32

From https://unix.stackexchange.com/a/458074/674

Remember to use -- when passing arbitrary arguments to commands (or use redirections where possible). So sort -- "$f1" or better sort < "$f1" instead of sort "$f1".

Why is it preferred to use -- and redirection?

Why is sort < "$f1" preferred over sort -- "$f1"?

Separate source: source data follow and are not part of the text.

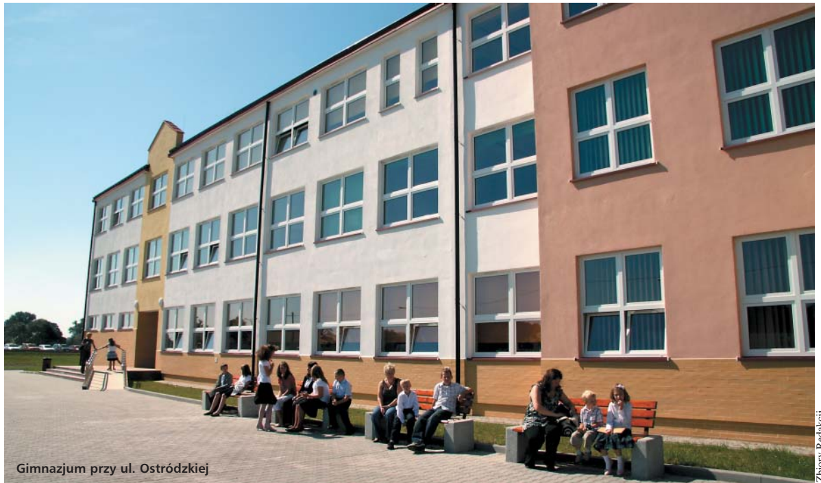
Gimnazjum przy ul. Ostródzkiej

zostało 11 milionów przeznaczonych zostanie na inwestycje. W 2010 r. zakończone zostaną prace przy budowie ulic Nowodworskiej i Odkrytej oraz modernizacja układu komunikacyjnego Ruskowy Bród – Zdziarska – Berensona. Przewidziane jest również zakończenie budowy ronda Małej Brzozy przy ul. Głębockiej, o którym piszemy w tym numerze „Czasu Białoleki”. Inną ważną inwestycją dla Białoleki, która pochłonie w tym roku 400 tys. zł jest budowa nowych ścieżek rowerowych.
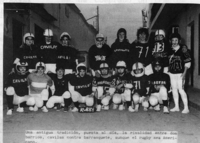
Una antigua tradición, puesta al día, la rivalidad entre dos barrios, cavilas contra barranquete, aunque el rugby sea Americano.
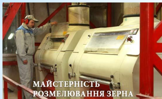
МАЙСТЕРНІСТЬ РОЗМЕЛЮВАННЯ ЗЕРНА
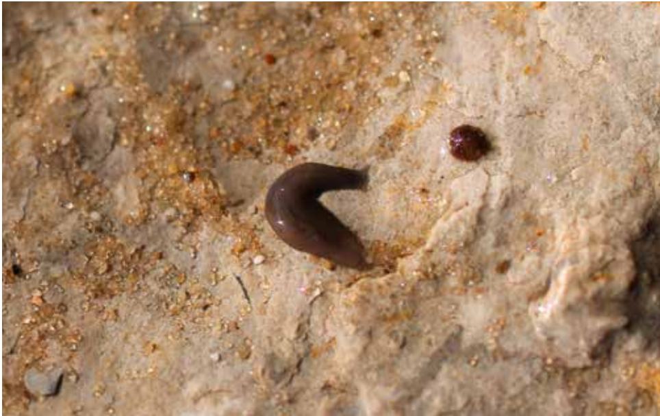
Abb. 4: Alpenplanarie ( Crenobia alpina ) aus dem Quellbach der Retlage (September 2012).

Am 23.09.05 waren die beiden Seitenquellen im Hauptquelltopf ohne Schüttung, nur die im mittleren Bereich des Quelltopfes aus dem Gestein aufsprudelnde Grundquelle schüttete kräftig. Nach längeren Trockenperioden (z. B. im September 2012) können die Quellen im Bereich des Quelltopfes jedoch auch komplett trocken fallen, während die beschriebenen weiter unterhalb liegenden Quellen nahezu konstant kräftig schütten. Bei einer Untersuchung des trocken gefallenen, aber feuchten Plänerschotter-Sand Untergrundes im Quelltopf Mitte September 2012 fand ich eine erste C. alpina in 27 cm Tiefe.

Why is sort -- "$f1" preferred over sort "$f1"?

Thanks.

Kusalananda
  • 333,661
Tim
  • 101,790

2 Answers2

57
sort "$f1"

fails for values of $f1 that start with - or here for the case of sort some that start with + (can have severe consequences for a file called -o/etc/passwd for instance).

sort -- "$f1"

(where -- signals the end of options) addresses most of those issues but still fails for the file called - (which sort interprets as meaning its stdin instead).

sort < "$f1"

Doesn't have those issues.

Here, it's the shell that opens the file. It also means that if the file can't be opened, you'll also get a potentially more useful error message (for instance, most shells will indicate the line number in the script), and the error message will be consistent if you use redirections wherever possible to open files.

And in

sort < "$f1" > out

(contrary to sort -- "$f1" > out), if "$f1" can't be opened, out won't be created/truncated and sort not even run.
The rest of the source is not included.